▶ DIRECTIONS FOR THIS TASK
Starting at the first line of the entries below, please return exactly each line up to and including the one with "进入DOS方式,进入 C:\masm 目录,运行masm.exe。如果源程序文件不是以"; pictures stay out.

▶ DATA EXTRACTS
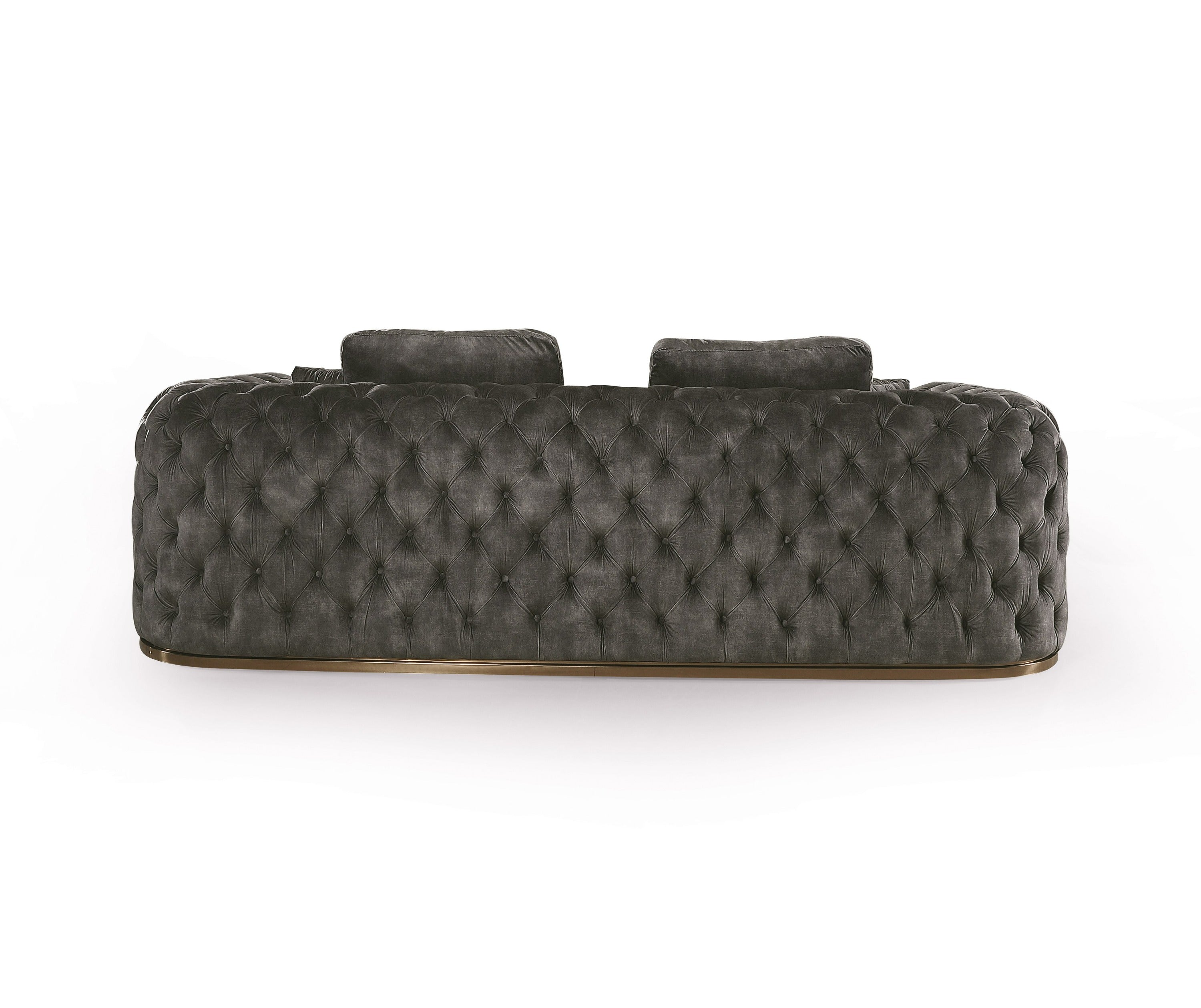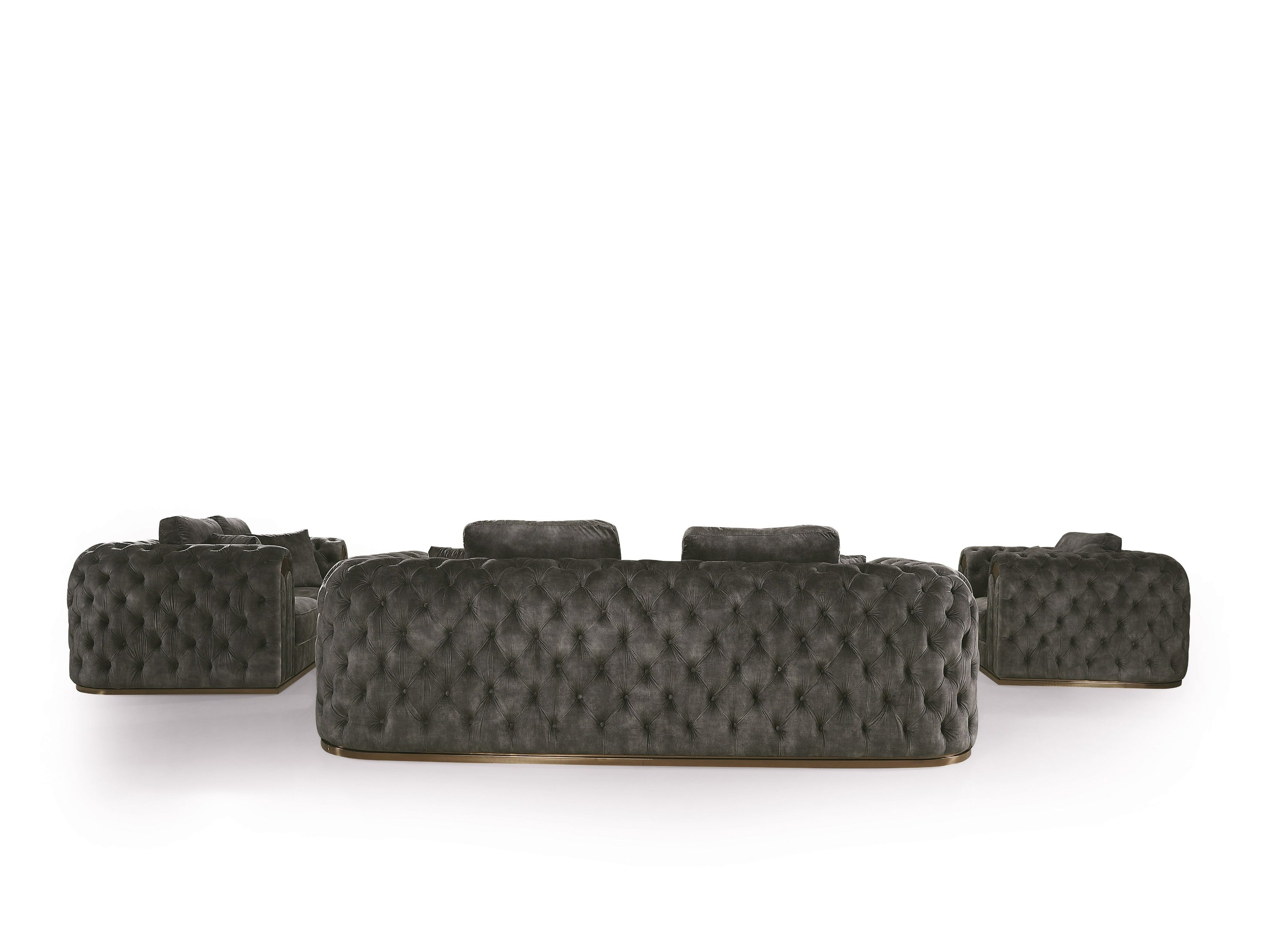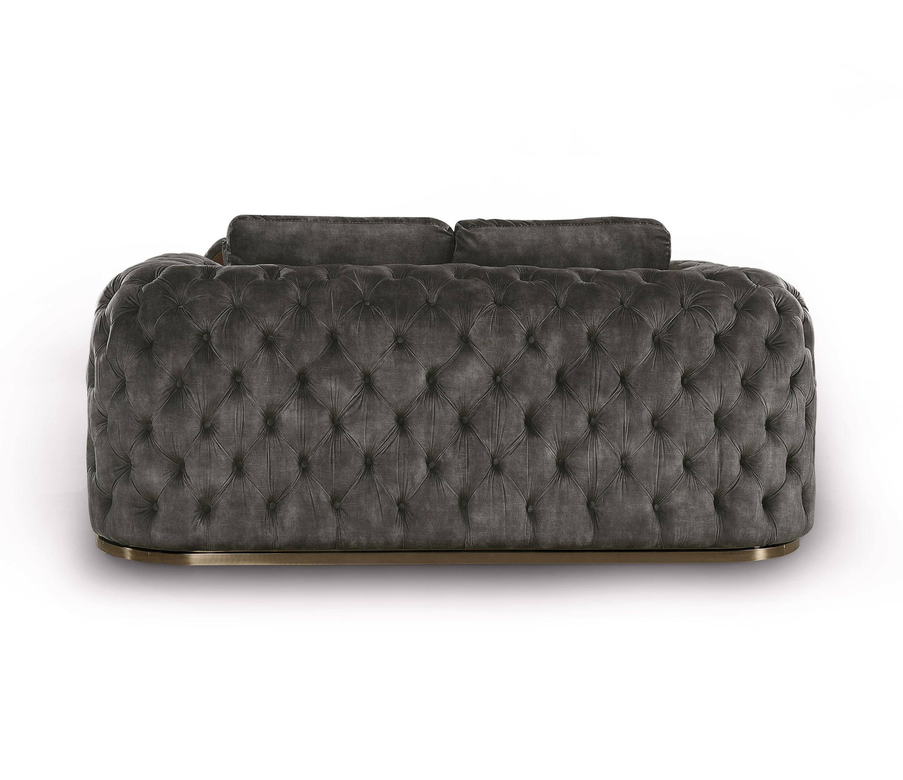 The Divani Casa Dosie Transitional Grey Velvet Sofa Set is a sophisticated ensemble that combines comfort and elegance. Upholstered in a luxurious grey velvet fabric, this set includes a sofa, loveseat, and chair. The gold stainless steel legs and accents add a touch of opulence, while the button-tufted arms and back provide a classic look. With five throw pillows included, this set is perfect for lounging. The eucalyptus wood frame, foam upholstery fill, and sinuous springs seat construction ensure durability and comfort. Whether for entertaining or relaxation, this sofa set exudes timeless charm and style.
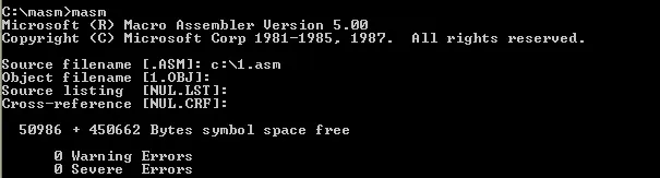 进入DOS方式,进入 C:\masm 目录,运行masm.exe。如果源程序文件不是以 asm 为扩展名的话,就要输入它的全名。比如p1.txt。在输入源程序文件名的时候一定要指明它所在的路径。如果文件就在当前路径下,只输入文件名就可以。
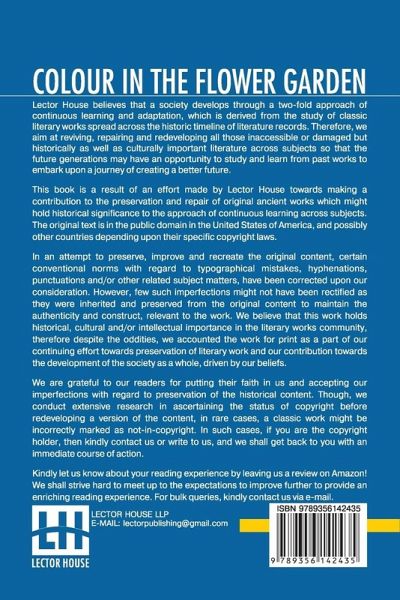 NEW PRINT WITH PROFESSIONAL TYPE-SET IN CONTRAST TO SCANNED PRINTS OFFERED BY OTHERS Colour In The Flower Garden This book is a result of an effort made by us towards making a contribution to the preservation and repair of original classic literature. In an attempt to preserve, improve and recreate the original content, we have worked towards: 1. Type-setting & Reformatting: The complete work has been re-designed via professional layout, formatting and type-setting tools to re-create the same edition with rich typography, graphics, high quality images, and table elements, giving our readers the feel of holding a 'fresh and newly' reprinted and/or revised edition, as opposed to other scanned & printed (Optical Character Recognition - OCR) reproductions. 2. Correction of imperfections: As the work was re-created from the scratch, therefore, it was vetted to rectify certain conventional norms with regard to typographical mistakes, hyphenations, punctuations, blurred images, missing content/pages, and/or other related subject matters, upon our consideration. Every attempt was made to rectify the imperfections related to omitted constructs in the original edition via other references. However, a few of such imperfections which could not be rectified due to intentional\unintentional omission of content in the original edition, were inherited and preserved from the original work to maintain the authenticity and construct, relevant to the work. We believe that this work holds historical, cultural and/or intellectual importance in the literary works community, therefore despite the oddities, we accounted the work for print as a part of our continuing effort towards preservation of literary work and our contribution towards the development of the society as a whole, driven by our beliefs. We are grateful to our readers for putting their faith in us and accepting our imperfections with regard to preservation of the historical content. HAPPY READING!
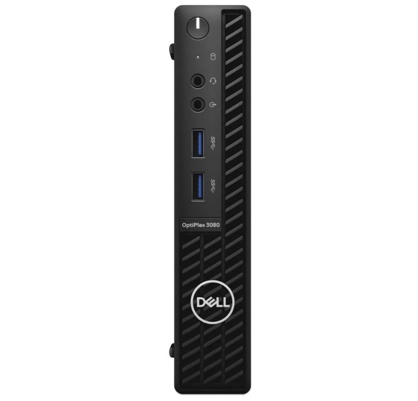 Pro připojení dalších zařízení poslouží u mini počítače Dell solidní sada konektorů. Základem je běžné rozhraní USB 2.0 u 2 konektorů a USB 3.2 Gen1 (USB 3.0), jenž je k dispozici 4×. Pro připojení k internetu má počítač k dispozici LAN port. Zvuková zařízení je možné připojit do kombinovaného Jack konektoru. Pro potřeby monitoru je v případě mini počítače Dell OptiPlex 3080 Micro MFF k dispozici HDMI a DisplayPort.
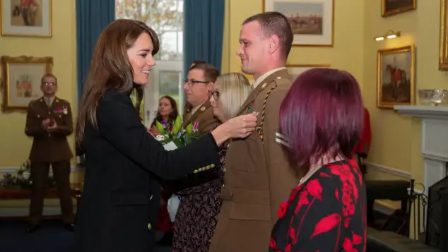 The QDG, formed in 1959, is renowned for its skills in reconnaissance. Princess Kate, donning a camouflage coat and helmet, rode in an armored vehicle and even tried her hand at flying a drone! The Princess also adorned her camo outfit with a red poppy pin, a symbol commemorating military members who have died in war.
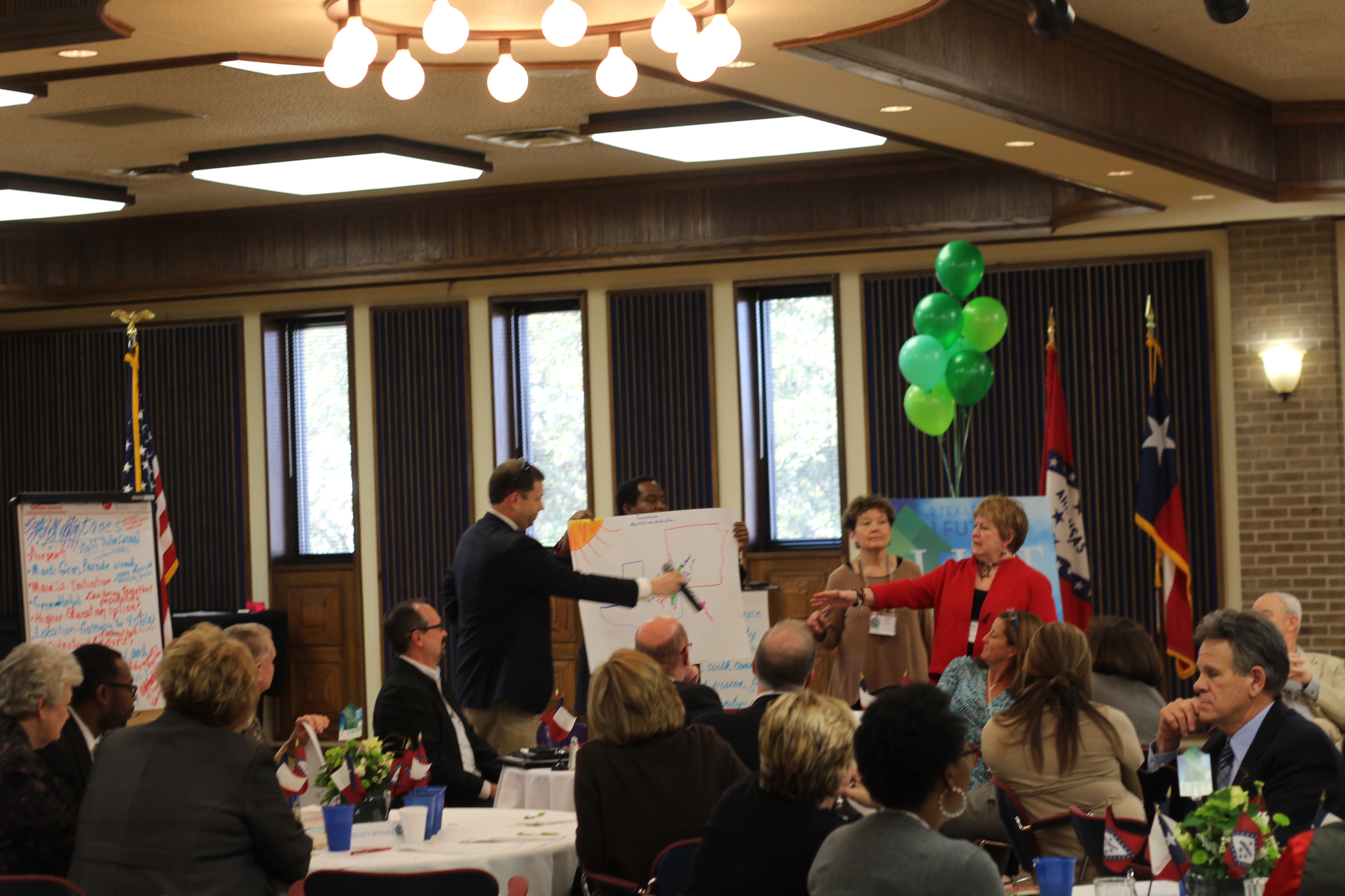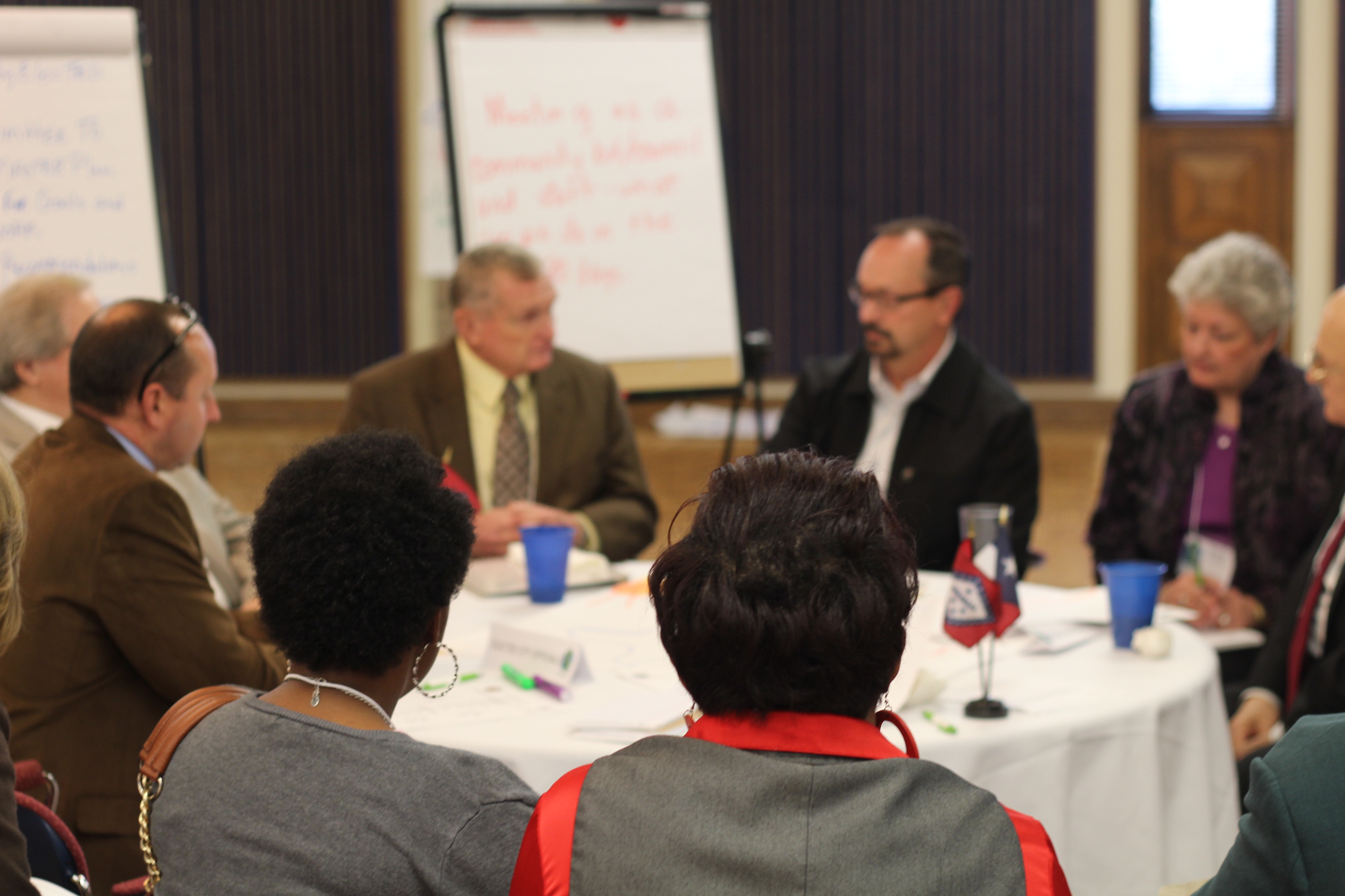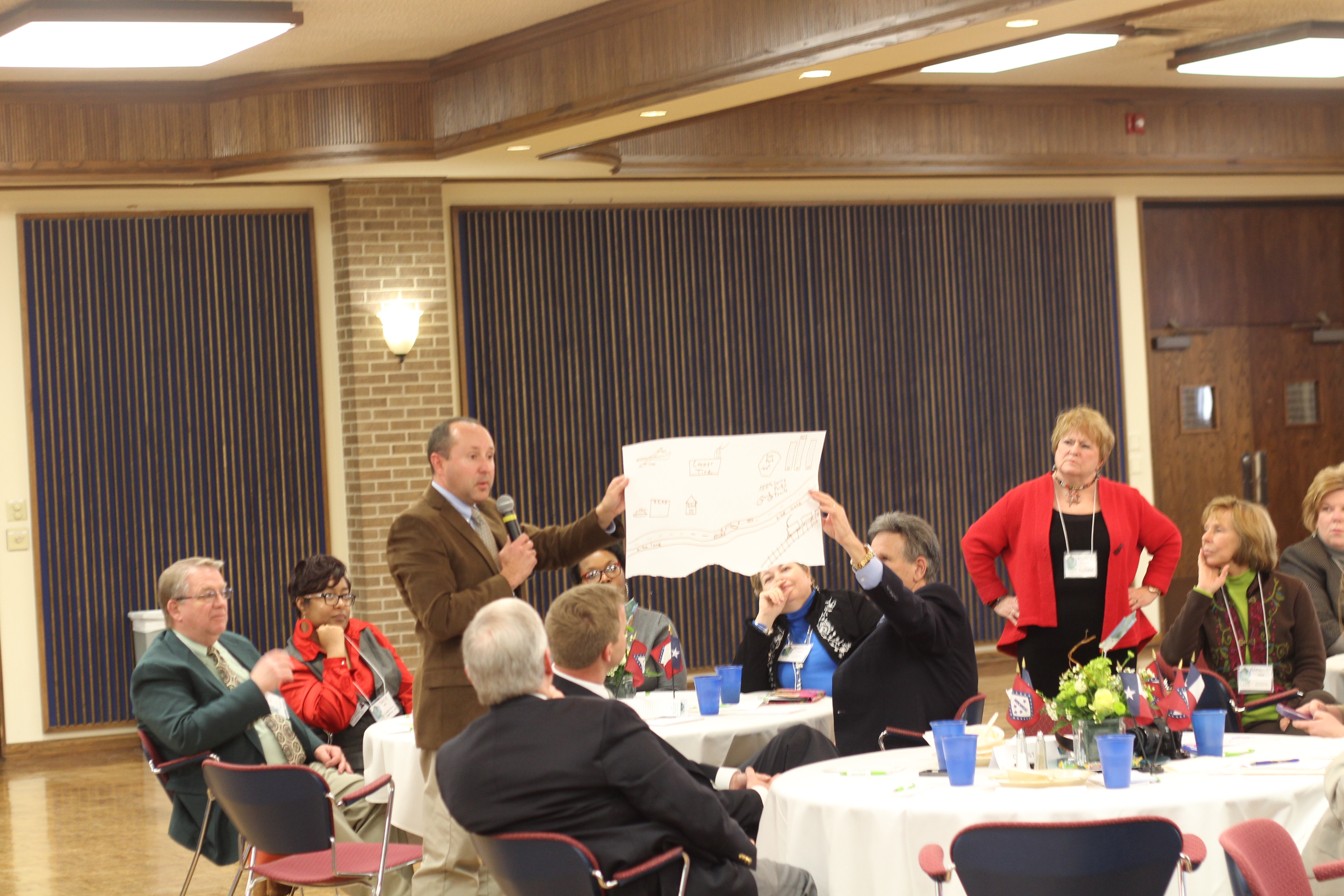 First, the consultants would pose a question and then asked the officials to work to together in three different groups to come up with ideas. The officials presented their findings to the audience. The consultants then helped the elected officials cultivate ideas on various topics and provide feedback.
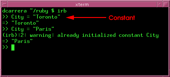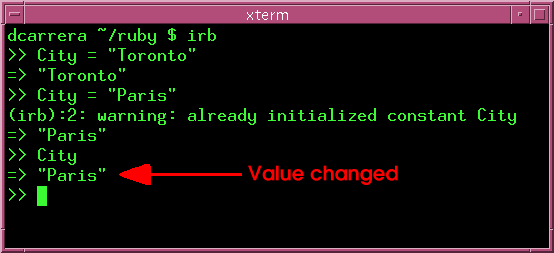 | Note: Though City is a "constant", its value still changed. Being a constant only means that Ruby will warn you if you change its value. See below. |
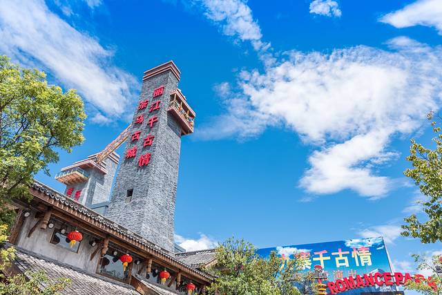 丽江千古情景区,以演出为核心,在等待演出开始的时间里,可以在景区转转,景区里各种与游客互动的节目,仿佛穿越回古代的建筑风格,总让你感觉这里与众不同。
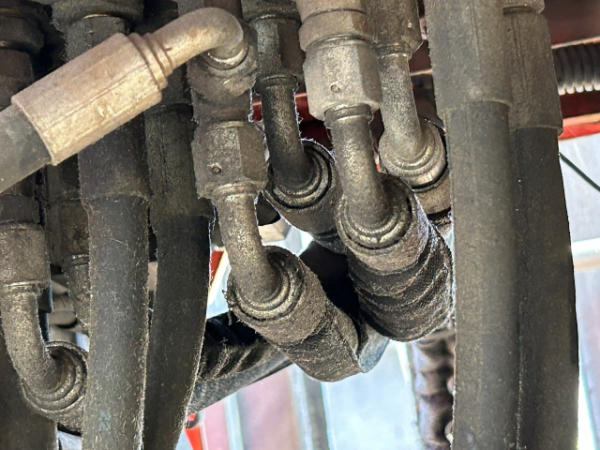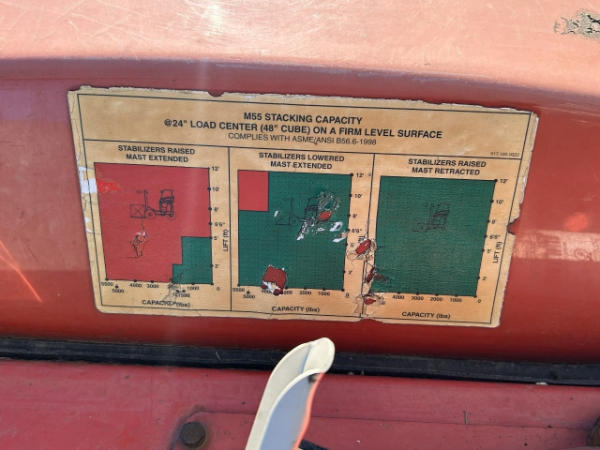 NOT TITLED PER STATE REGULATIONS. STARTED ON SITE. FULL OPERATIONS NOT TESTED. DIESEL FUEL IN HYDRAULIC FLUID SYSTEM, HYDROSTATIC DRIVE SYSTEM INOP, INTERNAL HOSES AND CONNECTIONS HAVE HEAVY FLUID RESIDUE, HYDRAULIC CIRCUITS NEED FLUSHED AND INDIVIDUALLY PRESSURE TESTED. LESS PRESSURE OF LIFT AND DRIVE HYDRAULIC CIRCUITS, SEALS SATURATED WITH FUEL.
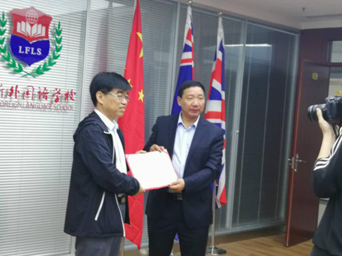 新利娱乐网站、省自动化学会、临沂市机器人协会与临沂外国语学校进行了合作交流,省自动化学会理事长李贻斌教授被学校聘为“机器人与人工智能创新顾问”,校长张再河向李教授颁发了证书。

▶ WRITTEN RESPONSE
 The Divani Casa Dosie Transitional Grey Velvet Sofa Set is a sophisticated ensemble that combines comfort and elegance. Upholstered in a luxurious grey velvet fabric, this set includes a sofa, loveseat, and chair. The gold stainless steel legs and accents add a touch of opulence, while the button-tufted arms and back provide a classic look. With five throw pillows included, this set is perfect for lounging. The eucalyptus wood frame, foam upholstery fill, and sinuous springs seat construction ensure durability and comfort. Whether for entertaining or relaxation, this sofa set exudes timeless charm and style.
 进入DOS方式,进入 C:\masm 目录,运行masm.exe。如果源程序文件不是以 asm 为扩展名的话,就要输入它的全名。比如p1.txt。在输入源程序文件名的时候一定要指明它所在的路径。如果文件就在当前路径下,只输入文件名就可以。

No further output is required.